Discover the stories of the Dakar's heroes Inside the Bivouac

Should I stay or should I go?

Dakar 2023 | Stage 1 | SEA CAMP > SEA CAMP
January 1 st 2023 - 21:21 [GMT + 3]

Dakar rookie Lois d'Abbadie is caught in a nightmare scenario after a crash that threatens to knock him out of the race. His broken collarbone is torturing him, but perhaps he can clench his teeth through it all.

119 D'ABBADIE Lois (fra), Lois d'Abbadie, Husqvarna, Moto, action during the Stage 1 of the Dakar 2023 around Sea Camp, on January 1st, 2023 near Yanbu, Saudi Arabia
119 D'ABBADIE Lois (fra), Lois d'Abbadie, Husqvarna, Moto, action during the Stage 1 of the Dakar 2023 around Sea Camp, on January 1st, 2023 near Yanbu, Saudi Arabia © ASO/Charly Lopez
119 D'ABBADIE Lois (fra), Lois d'Abbadie, Husqvarna, Moto, action during the Stage 1 of the Dakar 2023 around Sea Camp, on January 1st, 2023 near Yanbu, Saudi Arabia
119 D'ABBADIE Lois (fra), Lois d'Abbadie, Husqvarna, Moto, action during the Stage 1 of the Dakar 2023 around Sea Camp, on January 1st, 2023 near Yanbu, Saudi Arabia © ASO/Charly Lopez

Lois d'Abbadie was happily cruising through his first Dakar stage ever when a crash 102 kilometres into the special brought all his plans tumbling down. The man from Réunion was not being too rash, but the tracks of the Dakar are fraught with hidden dangers: "I was on a rather fast track when disaster struck. I was on the right trajectory, but I hit a bush on the left side and was thrown off my bike. As I was getting up, I felt an excruciating pain in my shoulder, but I hoped it was just a little dislocation". Hoping for the best, the wobbly man from the islands called upon the medical service, who treated him and gave him some encouragement. "They strapped me up with some duct tape so I could keep going for a bit. A helicopter kept tabs on me and, when I got to the next CH, the medical team advised me to take the road back to the bivouac."

The situation took a turn for the worse at the medical centre, following a more exhaustive work-up: "The results from the X-rays came back and it turned out I'd broken my collarbone. No-one said I have to go home, but I need to weigh the pros and cons. It's a dilemma between continuing the challenge to stay in the race for a couple more days and taking care of my shoulder. It might do me some good, but if I have to tackle the dunes of the Empty Quarter, for example, I won't be able to lift my bike on my own, so I've still got to decide whether I'll take the start tomorrow morning".

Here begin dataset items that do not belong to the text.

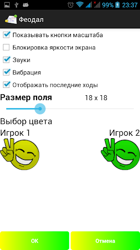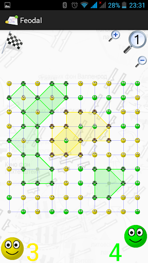 Игра идет на поле размером NxN пунктов. Пунктом считается пересечение линий на поле. Играют двое, разными цветами.
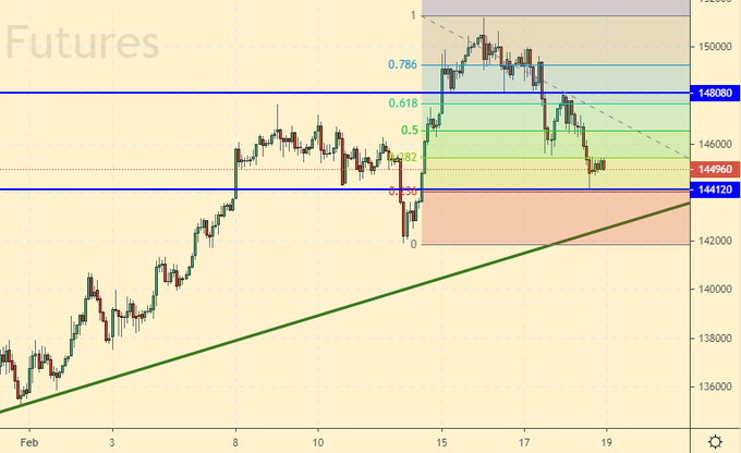У района 144000 возможна борьба. Если рубль будет падать к доллару, то одного «задора» на российском фондовом рынке не хватит. В этом случае падение индекса будет продолжено. Если мы пробьем 141000 вниз, то можно будет говорить о коррекции в район 131000.
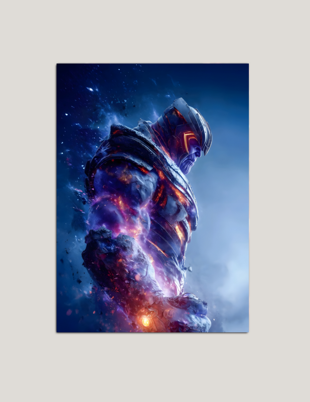 Bu Thanos metal tablo; gücü, dengeyi ve kozmik tehdidi tek bir görselde buluşturan ikonik bir duvar parçasıdır ⚡
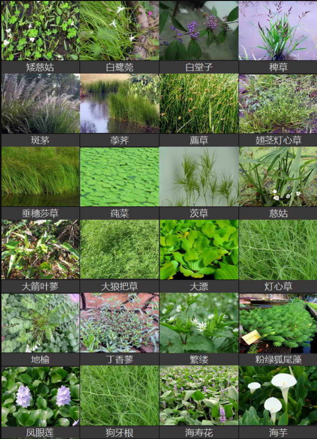 湿地植物植物具有很强的生命力和旺盛的生长势抗冻、抗热能力由于污水处理系统是全年连续运行的,故要求水生植物即使在恶劣的环境下也能基本正常生长,而那些对自然条件适应性较差或不能适应的植物都将直接影响净化效果。抗病虫害能力污水生态处理系统中的植物易滋生病虫害,抗病虫害能力直接关系到植物自身的生长与生存,也直接影响其在处理系统中的净化效果。对周围环境的适应能力由于人工湿地中的植物根系要长期浸泡在水中和接触浓度较高且变化较大的污染物,因此所选用的水生植物除了耐污能力要强外,对当地的气候条件、土壤条件和周围的动植物环境都要有很好的适应能力。所引种的植物必须具有较强的耐污染能力水生植物对污水中的BOD5、COD、TN、TP主要是靠附着生长在根区表面及附近的微生物去除的,因此应选择根系比较发达,对污水承受能力强的水生植物。植物的年生长期长,最好是冬季半枯萎或常绿植物;人工湿地处理系统中常会出现因冬季植物枯萎死亡或生长休眠而导致功能下降的现象,因此,应着重选用常绿冬季生长旺盛的水生植物类型。所选择的植物将不对当地的生态环境构成隐患或威胁,具有生态安全性;具有一定的经济效益、文化价值、景观效益和综合利用价值。若所处理的污水不含有毒、有害成分,其综合利用可从以下几个方面考虑:①作饲料,一般选择粗蛋白的含量>20%(干重)的水生植物;②作肥料,应考虑植物体含肥料有效成分较高,易分解;③生产沼气,应考虑发酵、产气植物的碳氮比,一般选用植物体的碳氮比为25~30.5/1;④工业或手工业原料,如芦苇可以用来造纸,水葱、灯心草、香蒲、莞草等都是编制草席的原料。由于城镇污水的处理系统一般都靠近城郊,同时面积较大,故美化景观也是必须考虑的。然而在实际工作中,很多人工湿地的工艺设计者和建设者考虑得最多的是植物的独有性和观赏价值等表在因素,没有考虑到栽种该植物后的植株生长效果、湿地的运行效果、生长表现以及对生态的安全性等,导致人工湿地在运行一段时间后功能骤降或运行费用剧增,最后导致系统瘫费或闲置。漂浮植物漂浮植物中常用作人工湿地系统处理的有水葫芦、大薸、水芹菜、李氏禾、浮萍、水蕹菜、豆瓣菜等。

Nomade Racing Team boasts a small contingent of entrants from Réunion. Lois is here with two brothers in arms, his childhood friend Rodolphe De Palmas and his neighbour Stéphane Hamard, who has seven Dakar starts under his belt. Each of his two pals answers differently when queried about their friend's odds of continuing the adventure. "He's my best buddy… But I just can't see it happening", says a glum Rodolphe. "I did 180 km with a broken collarbone in Madagascar once, but I had no choice. I know what it is like and I wouldn't wish it upon him." Nursing his shoulder, Lois thanks his friend for his wise words, but his hopes are also buoyed a little by the upbeat assessment of Stéphane, the most experienced member of the gang: "Lois and I come from the same village. Tomorrow, he needs to try and start and it'll only get better from there. We didn't travel 10,000 km for nothing, so it's worth a try. I've got a good feeling about it. And if he gets going, he won't stop until the finish. He's super fit and better prepared than any of us". Their differing opinions have not helped Lois make up his mind yet. "I need to sleep on it", he concludes.